(REQUIRED ACTION)
Restate each of the lines below word for word and drop every picture.
=== PROVIDED RECORDS ===
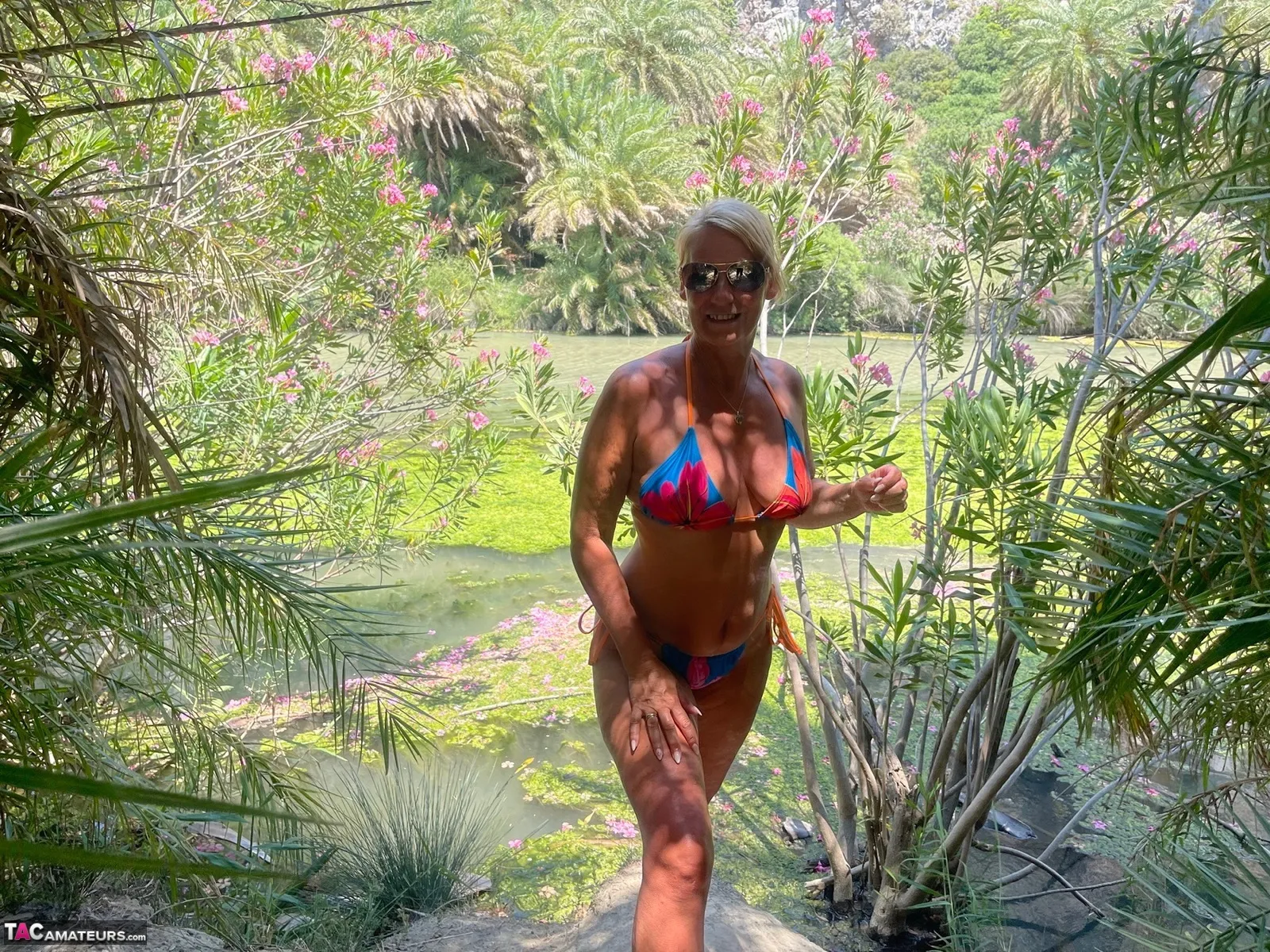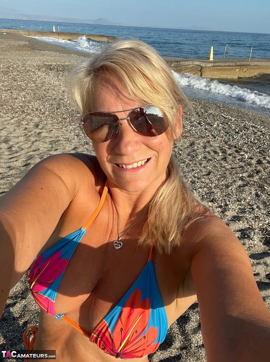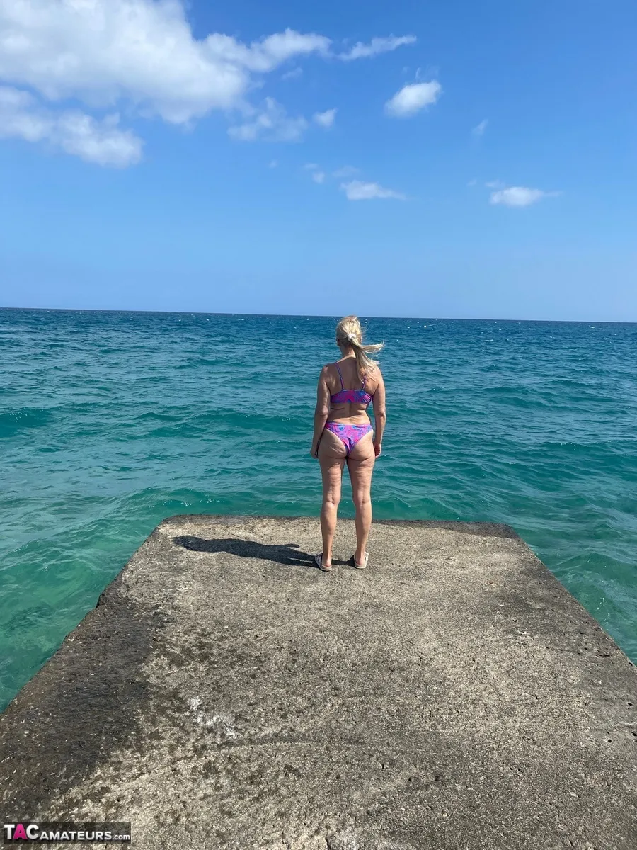You can see my colorful bikini here. I was on Crete in Greece and it was very nice. My girlfriend was also there and we
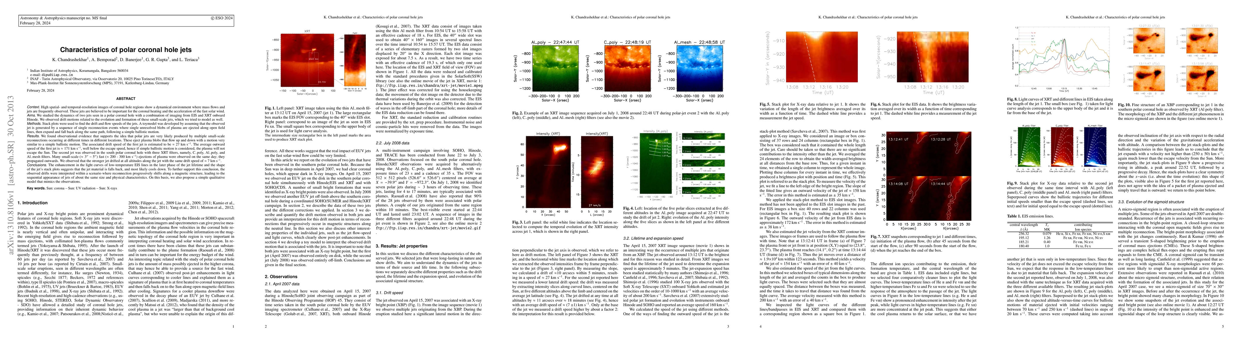 This study investigates the dynamics of jets in polar coronal holes using Hinode's EIS and XRT imaging, finding evidence for multiple reconnections producing small-scale jets. The first jet's drift speed is approximately 27 km s$^{-1}$, while the second jet exhibits a consistent drift speed of 7 km s$^{-1}$, suggesting material falls back and cools down.
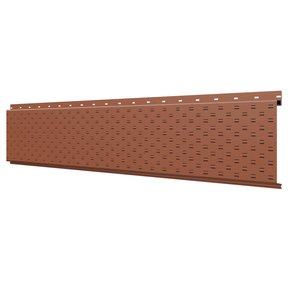 Линеарная потолочно-стеновая панель с ПЕРФОРАЦИЕЙ для вентиляции цвет RAL8004 Терракотовый применяется в качестве софитов для подшивы крыши, наружной и внутренней отделки потолков, стен, фронтонов фасада дома в Сыктывкаре.
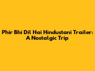 Phir Bhi Dil Hai Hindustani Trailer: Nostalgia & Review
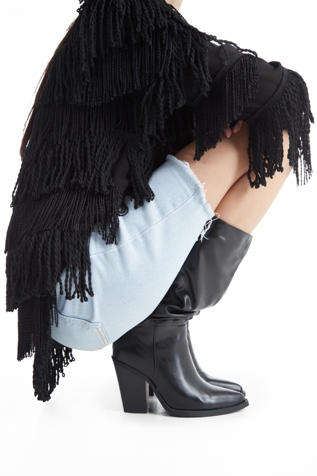 - Strălucirea ieșirii de noapte: Îndrăznește cu cizme înalte cu toc gros și o rochie din piele sexy. Vei atrage cu siguranță toate privirile, indiferent ce!
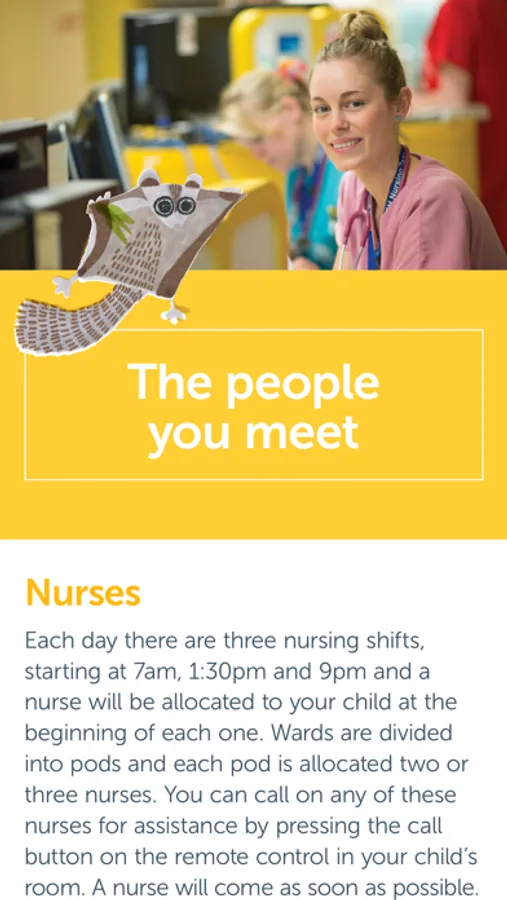 Ward specific guides – including features of each hospital room, what to expect on your ward, helpful information about the people you meet, where to find things you need, meal times, visiting hours and things to do.
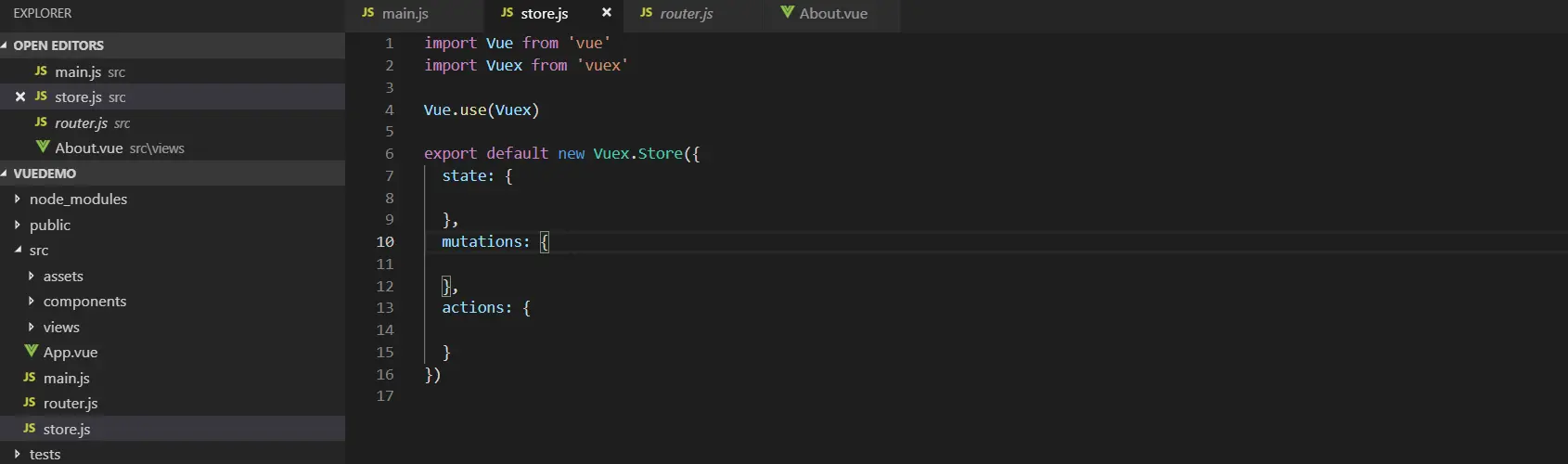 在上面的vue-cli3.0项目创建中我们已经选择了vuex的选项,我们可以在项目中看到一个store.js的文件,就是我们在项目中进行全局状态管理的地方。vuex的核心概念:state、getters、mutations、actions,我们来一个一个讲解使用。
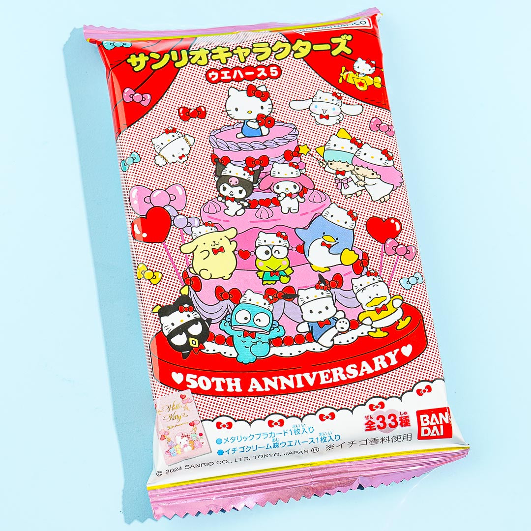 Satisfy your sweet cravings with this delicious strawberry cream-flavored wafer! This yummy snack also comes with a double-sided metallic card that has a random artwork celebrating the fiftieth anniversary of Hello Kitty with Sanrio Characters! You’ll also get random packaging as well when you order!
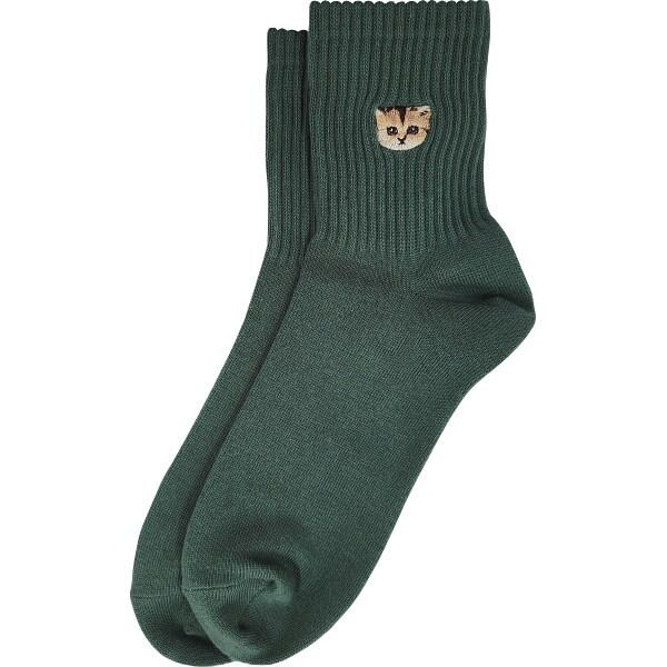 キュートなヌネットのフェイス刺繍が入ったミドル丈のアメリブソックス。どんなシーンにも合わせやすいシンプルなデザインなのでギフトにもおすすめです。
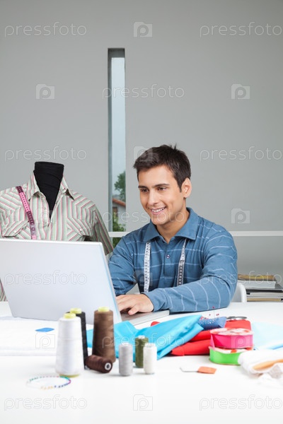 Портной использует ноутбук в работе
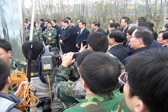 4月10日上午,山東省黨政代表團(tuán)在省委書(shū)記姜異康、省長(zhǎng)姜大明率領(lǐng)下,到北川新縣城檢查指導(dǎo)援建工作,山東省十七地市黨政負(fù)責(zé)人參加檢查。徐鵬強(qiáng)董事長(zhǎng)在集團(tuán)公司援建的安昌河堤頂?shù)缆飞嫌訖z查團(tuán)并陪同檢查。
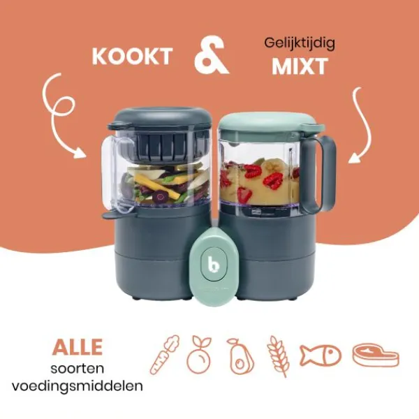 De Babymoov Nutribaby One Keukenmachine is compact van formaat en compleet uitgerust met alle functies die je nodig hebt. De keukenmachine maakt het gemakkelijk om maaltijden vol verse ingrediënten voor je kindje te bereiden. Dankzij de 2 mandjes heb je de mogelijkheid om tegelijk te koken en te blenden. Bij elkaar hebben de mandjes een inhoud van totaal 2100 ml. Alle opties worden eenvoudig bedient met één knop waar je keuze hebt uit 4 verschillende functies. Stomen, blenden, potten verwarmen of ontdooien, ieder voedingsmiddel wordt heerlijk bereid in de keukenmachine. Verder wordt de keukenmachine geleverd met een handig stoommandje dat perfect is voor het stomen van vlees en groenten.
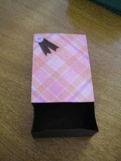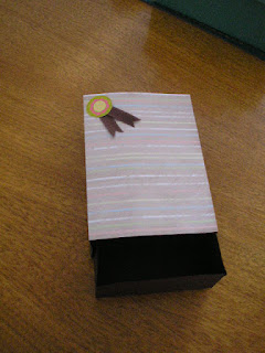 Usei a caixinha daquele requeijão cremoso famoso para guardar o mini, idéia liftada da scrapper Renata Pacheco. Cobri a caixa com papel de scrap e canson marrom, acabamento da tampa com fitas de cetim e gorgurão.
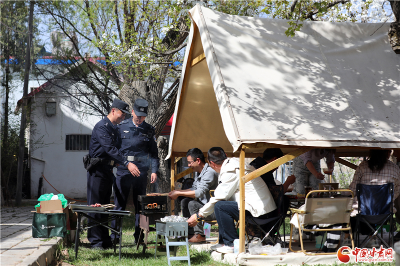 執(zhí)勤民警在景區(qū)露營(yíng)地開(kāi)展安全檢查,守護(hù)游客休閑安全
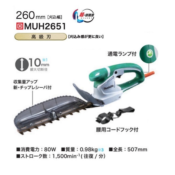 マキタ製のミニ生垣バリカン(ヘッジトリマ)のMUH2651です。
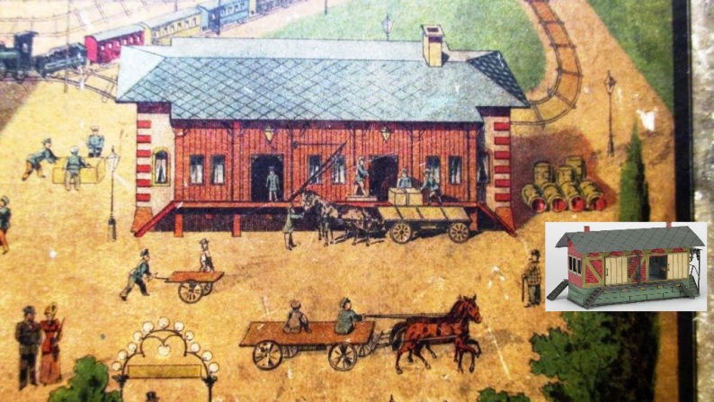 Top Right: BAUER replica Halle (Märklin #2067/0, produced from 1907 to 1912,) replica post office ( Märklin # 2130, produced from 1900 to 1902, accessories mostly from Bauer workshop)
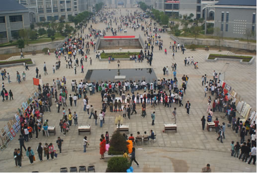 整个展区分为书法、绘画和摄影三个区域,共展出近一百五十件作品。为了开阔我院学生的视野,促进艺术交流,这次作品展不仅特邀了省级知名书法家和部分高校书画爱好者的作品参展,而且还特邀了陈共华、刘木、陈泽忠三位嘉宾挥毫泼墨,现场献艺。截止下午六点多,广场上人头攒动,观展的同学依然络绎不绝,书法爱好者还手拿宣纸排着三列长长的队伍,等候嘉宾为自己书写箴言警句以自勉。
===
(SOLUTION TO THIS TASK)
You can see my colorful bikini here. I was on Crete in Greece and it was very nice. My girlfriend was also there and we
 This study investigates the dynamics of jets in polar coronal holes using Hinode's EIS and XRT imaging, finding evidence for multiple reconnections producing small-scale jets. The first jet's drift speed is approximately 27 km s$^{-1}$, while the second jet exhibits a consistent drift speed of 7 km s$^{-1}$, suggesting material falls back and cools down.
 Линеарная потолочно-стеновая панель с ПЕРФОРАЦИЕЙ для вентиляции цвет RAL8004 Терракотовый применяется в качестве софитов для подшивы крыши, наружной и внутренней отделки потолков, стен, фронтонов фасада дома в Сыктывкаре.
 Phir Bhi Dil Hai Hindustani Trailer: Nostalgia & Review
 - Strălucirea ieșirii de noapte: Îndrăznește cu cizme înalte cu toc gros și o rochie din piele sexy. Vei atrage cu siguranță toate privirile, indiferent ce!
 Ward specific guides – including features of each hospital room, what to expect on your ward, helpful information about the people you meet, where to find things you need, meal times, visiting hours and things to do.
 在上面的vue-cli3.0项目创建中我们已经选择了vuex的选项,我们可以在项目中看到一个store.js的文件,就是我们在项目中进行全局状态管理的地方。vuex的核心概念:state、getters、mutations、actions,我们来一个一个讲解使用。
 Satisfy your sweet cravings with this delicious strawberry cream-flavored wafer! This yummy snack also comes with a double-sided metallic card that has a random artwork celebrating the fiftieth anniversary of Hello Kitty with Sanrio Characters! You’ll also get random packaging as well when you order!
 キュートなヌネットのフェイス刺繍が入ったミドル丈のアメリブソックス。どんなシーンにも合わせやすいシンプルなデザインなのでギフトにもおすすめです。
 Портной использует ноутбук в работе
 4月10日上午,山東省黨政代表團(tuán)在省委書(shū)記姜異康、省長(zhǎng)姜大明率領(lǐng)下,到北川新縣城檢查指導(dǎo)援建工作,山東省十七地市黨政負(fù)責(zé)人參加檢查。徐鵬強(qiáng)董事長(zhǎng)在集團(tuán)公司援建的安昌河堤頂?shù)缆飞嫌訖z查團(tuán)并陪同檢查。
 De Babymoov Nutribaby One Keukenmachine is compact van formaat en compleet uitgerust met alle functies die je nodig hebt. De keukenmachine maakt het gemakkelijk om maaltijden vol verse ingrediënten voor je kindje te bereiden. Dankzij de 2 mandjes heb je de mogelijkheid om tegelijk te koken en te blenden. Bij elkaar hebben de mandjes een inhoud van totaal 2100 ml. Alle opties worden eenvoudig bedient met één knop waar je keuze hebt uit 4 verschillende functies. Stomen, blenden, potten verwarmen of ontdooien, ieder voedingsmiddel wordt heerlijk bereid in de keukenmachine. Verder wordt de keukenmachine geleverd met een handig stoommandje dat perfect is voor het stomen van vlees en groenten.
 Usei a caixinha daquele requeijão cremoso famoso para guardar o mini, idéia liftada da scrapper Renata Pacheco. Cobri a caixa com papel de scrap e canson marrom, acabamento da tampa com fitas de cetim e gorgurão.
 執(zhí)勤民警在景區(qū)露營(yíng)地開(kāi)展安全檢查,守護(hù)游客休閑安全
 マキタ製のミニ生垣バリカン(ヘッジトリマ)のMUH2651です。
 Top Right: BAUER replica Halle (Märklin #2067/0, produced from 1907 to 1912,) replica post office ( Märklin # 2130, produced from 1900 to 1902, accessories mostly from Bauer workshop)
 整个展区分为书法、绘画和摄影三个区域,共展出近一百五十件作品。为了开阔我院学生的视野,促进艺术交流,这次作品展不仅特邀了省级知名书法家和部分高校书画爱好者的作品参展,而且还特邀了陈共华、刘木、陈泽忠三位嘉宾挥毫泼墨,现场献艺。截止下午六点多,广场上人头攒动,观展的同学依然络绎不绝,书法爱好者还手拿宣纸排着三列长长的队伍,等候嘉宾为自己书写箴言警句以自勉。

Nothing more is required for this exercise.